Abstract:The increasing use of multiple sensors requires more efficient methods to represent and classify multi-dimensional data, since these applications produce a large amount of data, demanding modern techniques for data processing. Considering these observations, we present in this paper a new method for multi-dimensional data classification which relies on two premises: 1) multi-dimensional data are usually represented by tensors, due to benefits from multilinear algebra and the established tensor factorization methods; and 2) this kind of data can be described by a subspace lying within a vector space. Subspace representation has been consistently employed for pattern-set recognition, and its tensor representation counterpart is also available in the literature. However, traditional methods do not employ discriminative information of the tensors, which degrades the classification accuracy. In this scenario, generalized difference subspace (GDS) may provide an enhanced subspace representation by reducing data redundancy and revealing discriminative structures.
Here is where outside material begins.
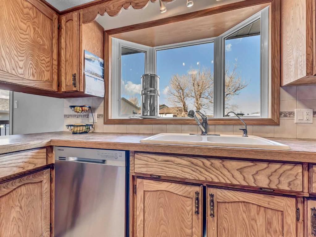 Welcome to this well-laid-out 1981 split level home, situated on a generous lot in the Town of Bow Island, close to the golf course and waterpark! Offering space, functionality and future potential, this home is ideal for the growing family. The two main floors, combined offer 1517 sq. ft of comfortable living space, featuring a bright living room as well as an inviting family room, complete with fireplace and walk-out to the backyard. The kitchen and dining areas flow nicely, creating a practical layout. The upper level measures 694 sq. ft. providing separation and privacy from the main living areas and where you'll find three of the home's four bedrooms, including a spacious primary bedroom with walk-in closet and private three-piece ensuite. The lowest level is undeveloped, offering excellent potential to customize additional living space, bedrooms or recreation areas to suit your needs. Additional highlights include an attached 21' x 21' garage, right off the practical mudroom-style entrance, perfect for busy households and the large laundry room, with plenty of room to hold your freezers and extra fridge. This home has lots to offer, come take a look to appreciate it yourself.

Since GDS is not able to directly handle tensor data, we propose a new projection called n-mode GDS, which efficiently handles tensor data. In addition, n-mode Fisher score is introduced as a class separability index and an improved metric based on the geodesic distance is provided to measure the similarity between tensor data. To confirm the advantages of the proposed method, we address the problem of representing and classifying tensor data for gesture and action recognition. The experimental results have shown that the proposed approach outperforms methods commonly used in the literature without adopting pre-trained models or transfer learning.